Task prompt: In the records below, repeat exactly the lines between the line holding "Kız Çocuk Yapraklı" and the line holding "black and white.", inclusive, and drop the pictures.

Exercise data:
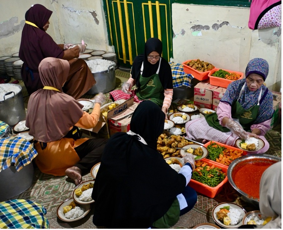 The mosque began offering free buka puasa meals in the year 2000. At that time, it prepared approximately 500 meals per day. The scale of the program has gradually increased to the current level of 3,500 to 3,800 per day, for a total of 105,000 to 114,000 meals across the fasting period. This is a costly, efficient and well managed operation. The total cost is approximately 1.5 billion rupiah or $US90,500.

* * *

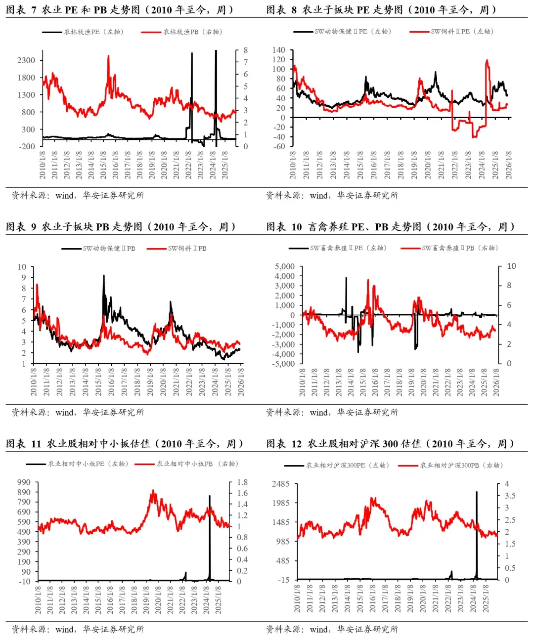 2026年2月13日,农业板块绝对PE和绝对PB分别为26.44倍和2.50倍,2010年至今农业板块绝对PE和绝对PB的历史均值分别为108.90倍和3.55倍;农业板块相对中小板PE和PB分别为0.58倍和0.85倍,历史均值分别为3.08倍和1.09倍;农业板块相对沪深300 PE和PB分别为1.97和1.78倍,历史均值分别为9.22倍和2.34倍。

==

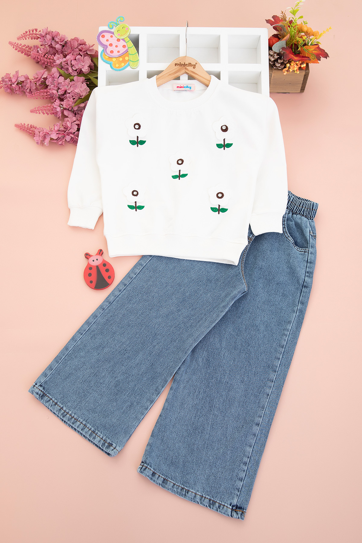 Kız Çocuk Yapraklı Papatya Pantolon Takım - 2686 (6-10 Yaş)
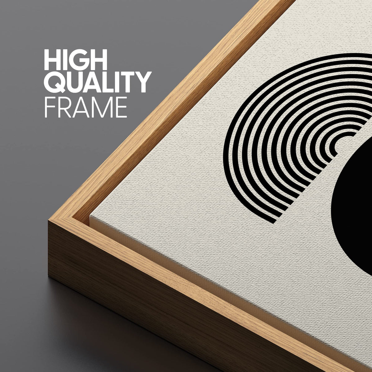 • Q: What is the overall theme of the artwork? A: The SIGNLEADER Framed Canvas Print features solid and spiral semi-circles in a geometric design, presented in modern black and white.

Problem solution:
 Kız Çocuk Yapraklı Papatya Pantolon Takım - 2686 (6-10 Yaş)
 • Q: What is the overall theme of the artwork? A: The SIGNLEADER Framed Canvas Print features solid and spiral semi-circles in a geometric design, presented in modern black and white.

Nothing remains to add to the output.